Yesterday, Democrat candidate for Ohio Governor Richard Cordray was caught using taxpayer resources for political purposes, a violation of Ohio law.
“Once again, Richard Cordray has proved himself to be unfit for the office of Ohio Governor and showed Ohioans that he can't be trusted,” said ORP Chairman Jane Timken. "It’s embarrassing that Cordray, a former Attorney General, is refusing to follow Ohio law and copyright agreements by using a taxpayer-funded multimedia service to prop up his political campaign.”
Ohio Revised Code 3353.07
- "The Ohio government telecommunications service shall provide the state government and affiliated organizations with multimedia support including audio, visual, and internet services, multimedia streaming, and hosting multimedia programs. Services provided by the Ohio government telecommunications service shall not be used for political purposes included in campaign materials, or otherwise used to influence an election,
legislation, issue, judicial decision, or other policy of state government."
. Furthermore you agree not to copy, sell, rent or otherwise transfer the content."
PLEASE NOTE: We would supply you with the shoddy footage they used in their ad - but it flashes Ohio Channel across the bottom of the screen and we follow the law.
Cordray campaign says it's OK using footage from state government channel in TV ad, despite policy
By Andrew Tobias
CLEVELAND, Ohio -- Richard Cordray's campaign for Ohio governor says it will continue to use footage shot by the state government's TV channel in a campaign ad, despite the service's policy barring its footage from being used for political purposes.
The Cordray campaign said its use of a 2010 news conference Cordray gave as state attorney general is fair use, a legal concept that allows copyrighted material to be used without permission under certain conditions, such as commentary or news reporting. But an official with the Ohio Channel, which recorded the news conference, said that's against the quasi-governmental agency's internal policy. The official, Executive Director Dan Shellenbarger, also cited a state law that forbids its services from being used for political purposes.
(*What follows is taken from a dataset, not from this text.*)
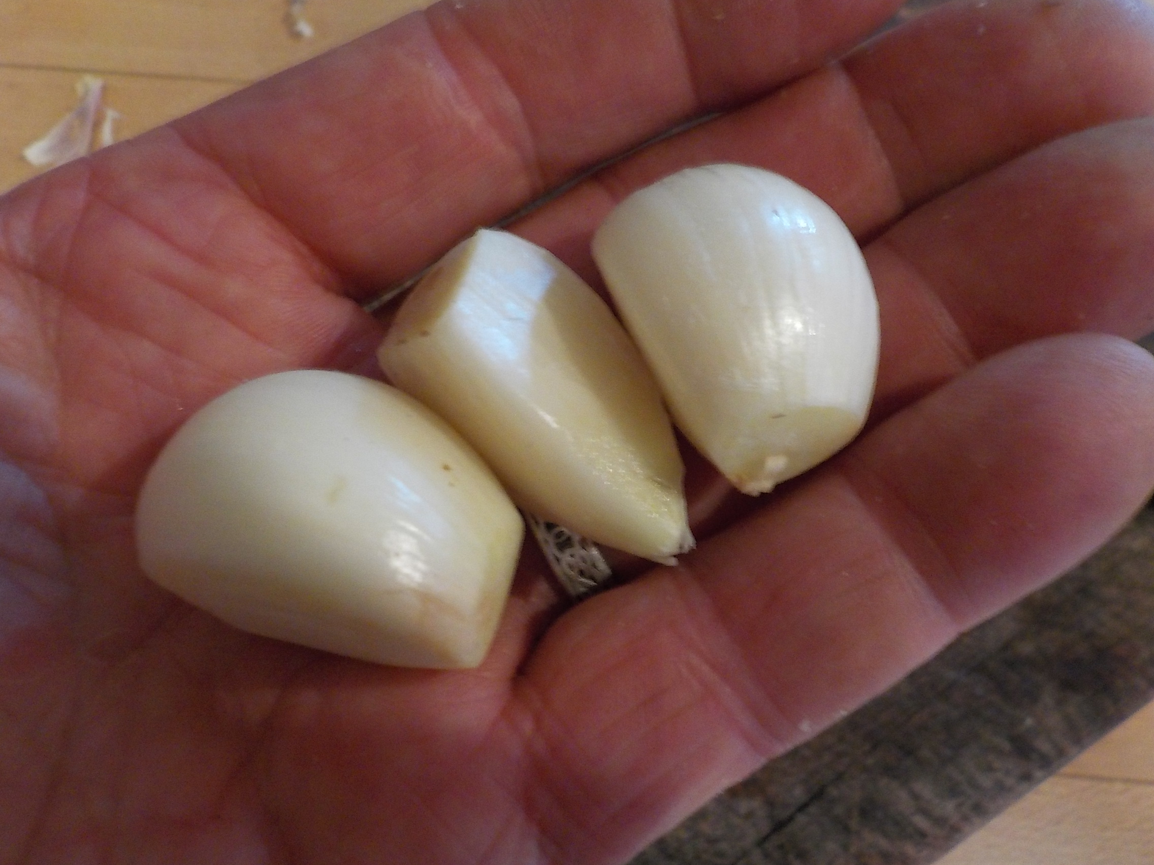 Next prepare the garlic. You can use a lot or a little, depending on your love of raw garlic. I crush 3 large or 6 small cloves of garlic in a garlic press, add to the blender and pulse. I grow my own garlic but you can buy it if you don’t. Hard neck garlic is more flavorful than soft neck – ask for it at a farm stand, as grocery stores don’t tend to sell it.

"Usually, they have the idea, and it's a mistaken idea, that it's public and that it's fair use, so it requires a little bit of education ... on what is appropriate use and what is inappropriate," Shellenbarger told cleveland.com
The three-second clip, depicting Cordray announcing a multi-million-dollar drug bust, appeared in a Cordray campaign ad that launched Saturday as part of a six-figure ad campaign airing on TV stations across Ohio. Cordray is a Democrat running against current state Attorney General Mike DeWine, a Republican.
Shellenbarger said Monday that it's common for political campaigns to attempt to use the channel's archival footage, which includes untold hours of video of legislative sessions, press conferences and other events. But, he said they usually pull the ad once they're told they don't have permission to use it.
"We've had a very good record of having them comply. Usually, it's just a misunderstanding," he said.
Shellenbarger, speaking generally about his station's policies, pointed to a 2001 state law that created the Ohio Channel, which says "Services provided by the Ohio government telecommunications service shall not be used for political purposes included in campaign materials, or otherwise used to influence an election, legislation, issue, judicial decision, or other policy of state government."
But the Cordray campaign argues the law as written does not seem to explicitly apply to reusing archival footage that's available on the Internet. It also pointed out that although the law says that the Ohio Channel footage can't be used to influence a judicial decision, DeWine's office has cited it in legal filings while defending contested state laws. The campaign has no plans to pull the ad, officials said.
Niraj Antani, a Republican state representative from the Dayton area who supports DeWine, said in an interview that he's wanted to use Ohio Channel footage of his speeches from the state legislative floor in his past campaigns, but has been denied permission. Antani recognized the footage as from the Ohio Channel when he watched the ad online on Friday. He has shared his concerns with the Ohio Channel, he said.
"I'd like to use it for my campaign material, but as a lawmaker, you have to respect the law, and I respect their right to copyright," Antani said.
Shellenbarger said Monday that he had reached out to the Cordray's campaign, and expected to have a conversation with them about the footage. He did not respond to a follow-up message on Tuesday.